Очевидно, благодаря хлопотам Мадлен после выхода сборника рассказов ему предложили должность в Австрийской Национальной библиотеке, однако он с негодованием отказался, как будто даже просто обратиться к нему с подобным предложением, даже просто предположить, что он согласится жить и работать в Вене, черт бы ее побрал, пожелает занять там какую-то должность, было тягчайшим оскорблением.
— Возмущался, хотя не был изгнанником, — продолжала Мадлен. — До войны преспокойно жил в Австрии, а уж после — кого еще из эмигрантов так упрашивали вернуться?
В ответ я понесла какую-то наивную чепуху, а Мадлен задумчиво покачала головой, словно лишь сейчас осознала, что этот человек имел наглость ставить себя на одну доску с теми, кого вынудили покинуть Австрию, пока эмиграция еще была возможна, с людьми, которым после войны даже не принесли извинений, не говоря уже о чем-то более серьезном.
— И все-таки его невозвращение нельзя считать обыкновенным кокетничаньем или какой-то причудой, которая оставалась только его личным делом, — сказала она. — Потому что была еще одна причина — ответственность за судьбу человека, утонувшего в море у ирландских берегов.

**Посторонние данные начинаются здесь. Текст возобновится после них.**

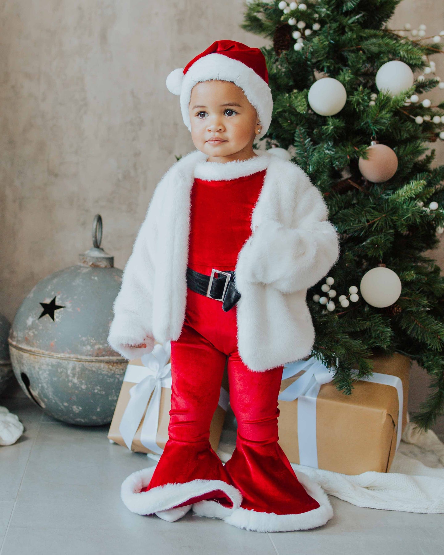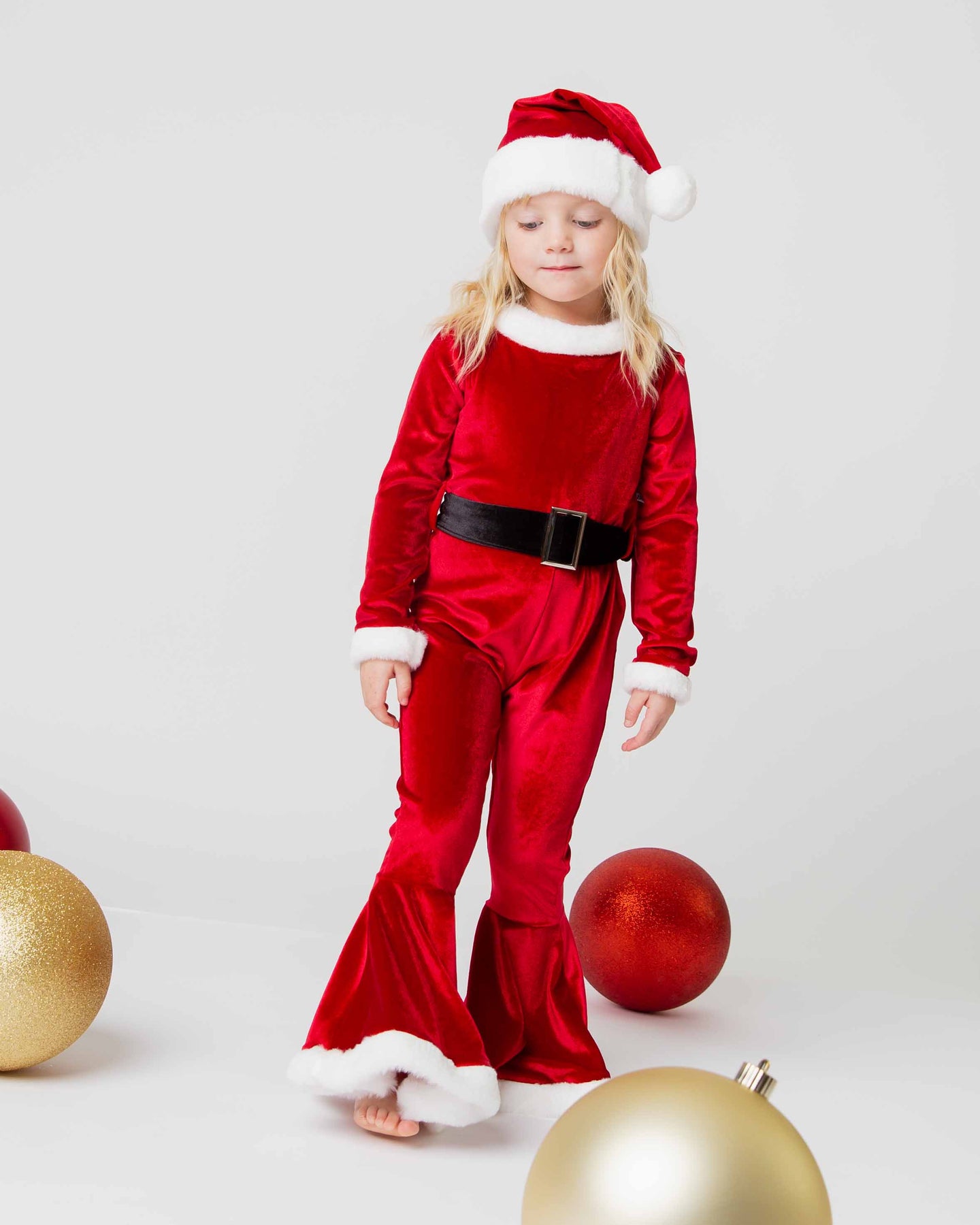 • Adorable matching Santa velvet hat to complete the look
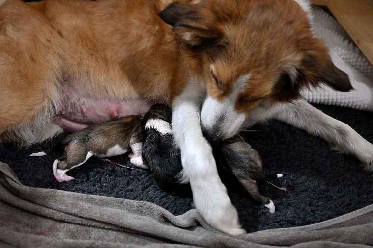 Caitlyn verlässt das Lager fast 24 Stunden nicht und umsorgt ihre Welpen voller Hingabe.

В этом отношении мнимый Хиршфельдер был чем-то похож на Макса, — мне вспомнились доводы моего бывшего мужа, инфантильные, несмотря на самоуверенный тон, заявления, которыми он обосновывал необходимость отъезда, когда, бросив меня одну, смывался, чтобы спокойно поработать над книгой, дурацкие речи о том, что он отправляется в изгнание, — чушь, конечно, потому что он-то мог вернуться в любой момент, стоило только захотеть. Напыщенно звучало и слово «изгнание», которым он именовал свои вылазки, попытки улизнуть, или как там их еще назвать, однако слышалось в этом слове что-то тревожное, в чем он и сам, наверное, по-настоящему, до конца не мог разобраться. Будто чувствуя настоятельную потребность в искуплении, он каждые два-три месяца уезжал из дома, словно ему было необходимо чем-то заслужить право на жизнь среди людей, и за всеми уходами непременно следовало возвращение, причем с большой буквы — «Возвращение в родной дом». Это было испытание выдержки, отбывание наказания, которое он сам себе назначил, хотя Макс-то, конечно, стал бы возражать против такого объяснения и пустился бы разглагольствовать о вдохновении, о городах-гигантах, где побывал, о жизни — все эти расплывчатые понятия служили ему предлогом, чтобы, удрав, предаваться своим тоже весьма туманным творческим опытам, не оправдываясь передо мной. Он не мог обойтись без пошловатых фраз, а уезжая, всякий раз подыскивал новый антураж и декорации для своего одиночества. Но это — куда ни шло, я, пожалуй, отнеслась бы с почтением к его неспособности или нежеланию жить с людьми, о чем он постоянно распространялся в бесконечных монологах, обращенных против якобы существующих ужасных порядков; я бы могла его понять, если бы все это не приправлялось изрядной дозой жалости к себе, любимому, если бы он не рассчитывал на некое вознаграждение и не держался допотопных стереотипов, которые уже многих и многих завели в тупик, да еще какой! — не обольщался бы убогим самообманом, обставляя дело так, будто он удаляется в пустыню, хотя на самом деле уматывал на недельку в Париж, будто поселяется в келье отшельника или, как он сказал бы, во льдах, а возвращение, разумеется, полагалось праздновать как триумф, сравнимый разве что с возвращением участника антарктической экспедиции начала века, если уж герою не выпала сомнительная честь погибнуть в пути.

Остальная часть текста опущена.